Ghosted in Your 30s: Dating, Self-Worth & Moving On

 


When I was 16, a breakup felt like death. Not dramatic death—Shakespearean death. I was the Juliet of my own bedroom, sobbing into my stuffed animals, clutching my Nokia phone like it held the secrets to the universe (or at least a good text from a boy who just said, “We need to talk”).

Back then, love meant handwritten letters on crumpled notebook paper, missed calls from the school payphone, and dramatic declarations at recess. It meant feeling like my entire identity hinged on someone else’s attention. He wore black Chuck Taylors. He had a mop of floppy hair. He told me I was “different” (spoiler: I was not). When he dumped me for a girl named Veronica with better bangs, I genuinely thought, Well, that’s it. I’ll never love again. Let me just lie here dramatically in my Hello Kitty pajamas until my tears water the carpet.

Ah, young love. So much intensity. So little perspective.

Fast forward to now—I’m in my 30’s, with a therapist, a French press, and a self-care routine that includes yelling “No, thank you!” at red flags I used to flirt with. I’ve gone from writing angsty journals about boys to semi-sassy, emotionally-healing essays about breakups for wellness magazines. Life, huh?

So, let’s talk about being ghosted as an adult.
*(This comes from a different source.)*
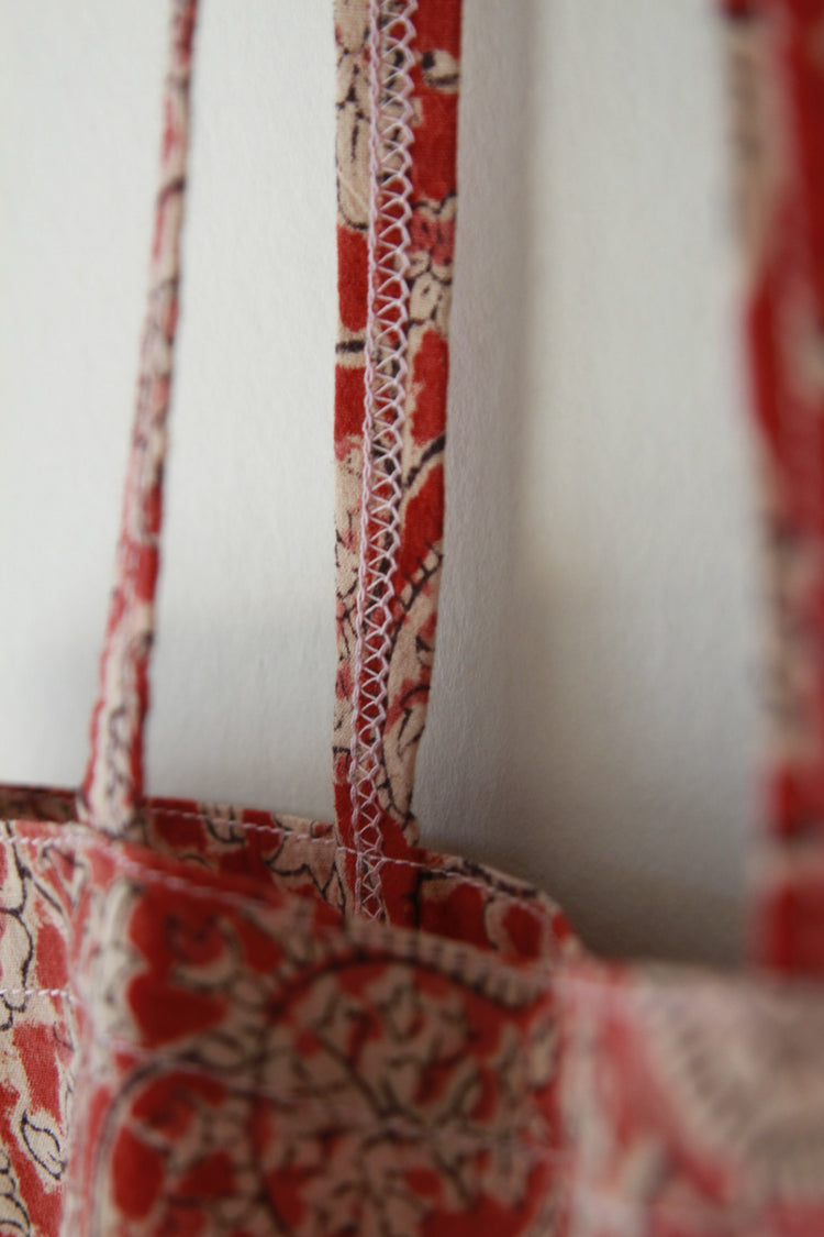 インドにて厳選セレクトした生地は、岡山県の工場にて縫製しています。ロゴは、シルクスクリーンによるハンドプリント。ステッチがポイントの持ち手は、ジーンズのベルトループを縫う専用ミシンで、ひとつひとつ丁寧に縫製しています。さらに、ウォッシュ加工で、ナチュラルな風合いに仕上がります。

Or, more accurately, let’s talk about why it doesn’t knock the wind out of me like it used to. Because, girl, when you’ve been through enough of life’s plot twists—period cramps during job interviews, unpaid taxes, the betrayal of low-rise jeans coming back into fashion—you learn to take a disappearing man in stride.

Ghosting Now vs. Then

Teenage me would’ve gone full investigative journalist the moment someone stopped texting me back. I would’ve refreshed my inbox like a woman waiting for medical test results. I would’ve memorized his last seen status, read his tweets like tea leaves, and made up wild stories in my head like, maybe he got hit by a bus. Or maybe he lost his phone. Or maybe he got amnesia and forgot how to love.

Adult-me? I sip my oat milk latte and go, “Welp, Guess he’s not The One. Moving On.”

That’s not to say it doesn’t sting. It does. Rejection always does—even when you weren’t sure you liked him all that much to begin with. But the difference now is that I know my worth isn’t up for debate just because someone vanished like a sock in the dryer. 

Dating in Your 30s is Like Trying to Find a Cute Outfit in a Store That Only Sells Beige Sweaters

Here’s the thing no one tells you—dating in your 30s is weird. And kinda tiring. Especially when you’ve done the work. When you’ve healed from your attachment wounds. When you’ve read the books and listened to the podcasts, you delete Tinder, redownload Tinder, and then delete it again.